Behind the story’s magical façade, there is some serious sermonizing going on. This is a place where wizards can betray their powers by selling them out those who wage war, and once done, can never return to their former selves. Ever-present is the primary importance of revering life, and respecting your power over this world, as well as a warning about the dangers inherent in taking it for granted. Once you give yourself over to such a death impulse, as many wizards in the film do, and subsume your self to the War Machine, there ain’t no turning back.

Those who wonder if Miyazaki’s convoluted, complex and ambiguous world, with its sometimes unpleasant heroes and always-redeemable villains, is accessible to children, I would argue that those who have read (or had read to them) Grimm’s Fairy Tales, or have been steeped in Miyazaki’s other films, will find little to concern them. Miyazaki’s essential hopefulness, his belief in the power of love to overcome all obstacles, his stout contention that we can save our world from the forces of disintegration through sacrifice and commitment, are things that most children have heard and seen before and will have little trouble buying into.

In order to reach a wider North American audience, the film, like Spirited Away and Princess Mononoke before it, has been dubbed, and other than the unfortunate casting of the irritating Billy Crystal as the pivotal fire demon Calcifer, the vocal work of the rest of the actors, including Jean Simmons and Emily Mortimer as Sophie, Lauren Bacall as the Witch of the Waste and Christian Bale as the troubled titular character, is uniformly commendable.

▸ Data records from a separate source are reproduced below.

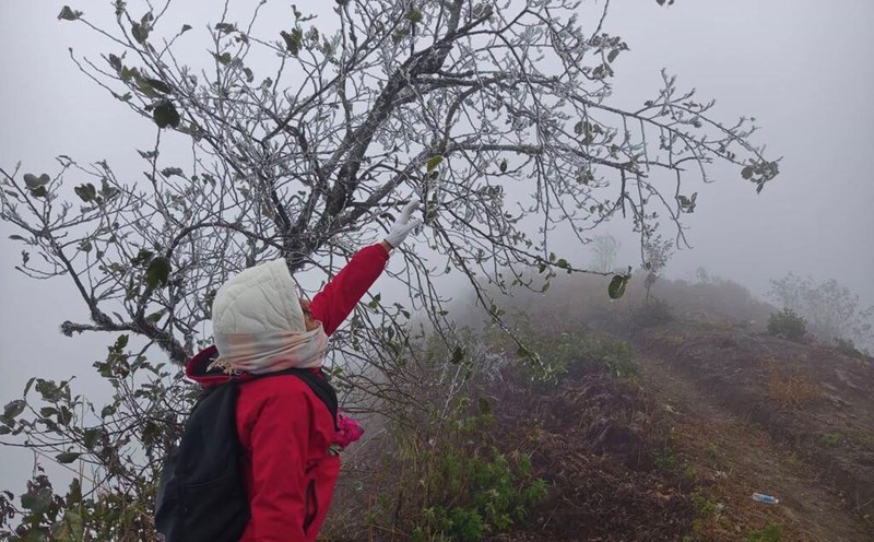 Lao Cai - On the top of Lao Than mountain (in Y Ty commune), ice appears densely in the cold weather due to the influence of cold air.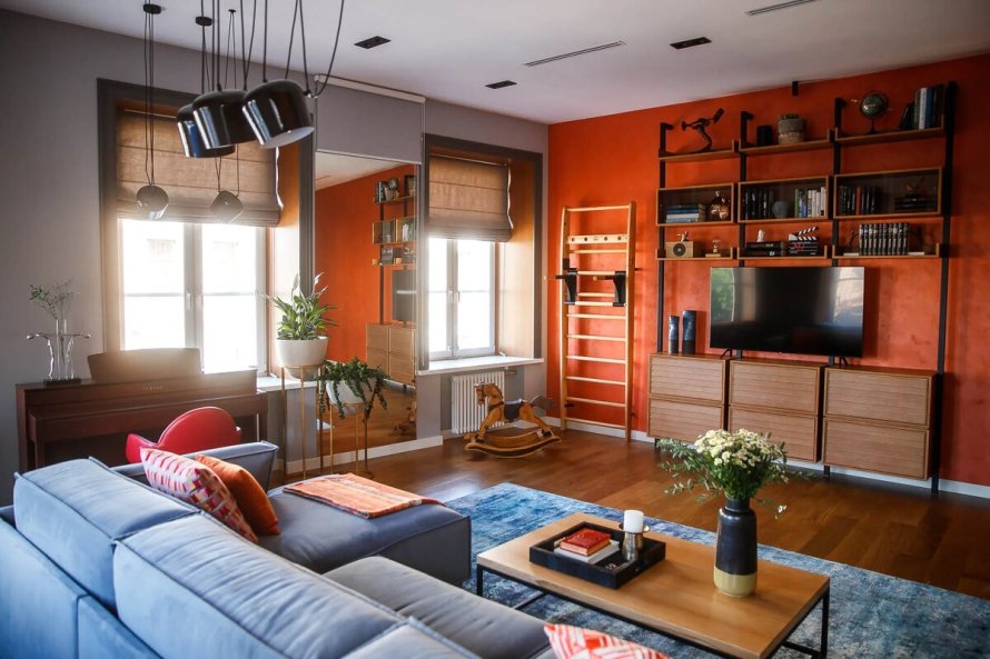 Центр квартиры — гостиная. На одной из её стен — подлинный кирпич старого дома, тщательно очищенный и сохранённый. Противоположную стену выкрасили в насыщенный терракотовый цвет. Мягкий диван — серо-синий, бархатный — задаёт тон всей зоне отдыха. На стене — зеркало, увеличивающее пространство. Это — не просто гостиная, а почти домашний театр с пианино и большим телевизором, а на полках — любимые книги, фотографии, личные вещи.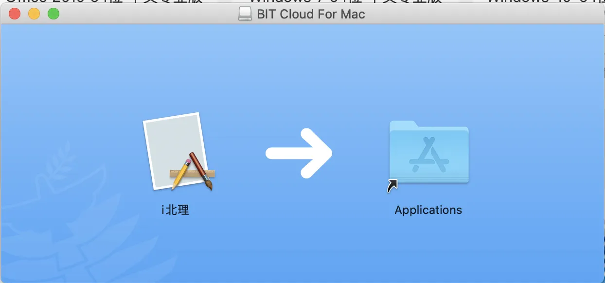 macOS客户端下载后,点击下载的.dmg文件进行检查后,出现如下窗口,将i北理拖拽到Applications中即可。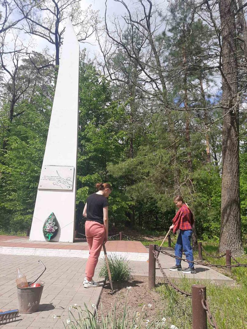 25.05.2022 волонтерский отряд «Кто, если не мы» продолжает участвовать в акции «Обелиск» - акции по уборке территории памятников погибшим в Великой Отечественной войне.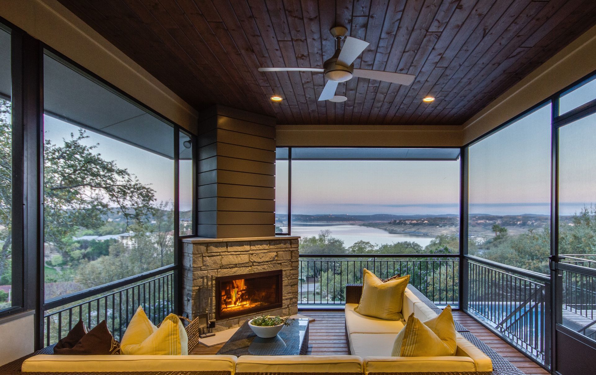 Located in Lakeway, this two story house owned by our clients needed some serious upgrading. After discussing the clients’ ideas we were able to come up with not only a beautiful, but functional energy saving design. Some of the key unique features include a screened-in porch with a wood burning fireplace and a view, large overhangs that double as a cover for the porch and patio, swimming pool with a hot tub, and tall windows to bring in natural lighting.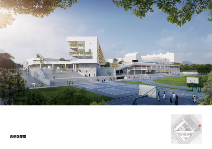 项目位于泰山街道,新建4轨24班小学,总建筑面积3.2万平方米,主要包括教学楼、行政楼、报告厅、风雨操场、景观内院、室外活动场地等。

In his remarkably accessible work, The Re-enchantment of the World, Morris Berman argues that the only real hope for mankind is to realize that our world is not there merely to be exploited for our material benefit, but to be revered as a holy place, full of magic and divinity. I can’t help but feel that every film Miyazaki makes helps contribute in some small way to this growing realization, that his work is, in its own way, a small miracle that may lead one day to an even greater one, the salvation of a planet in crisis.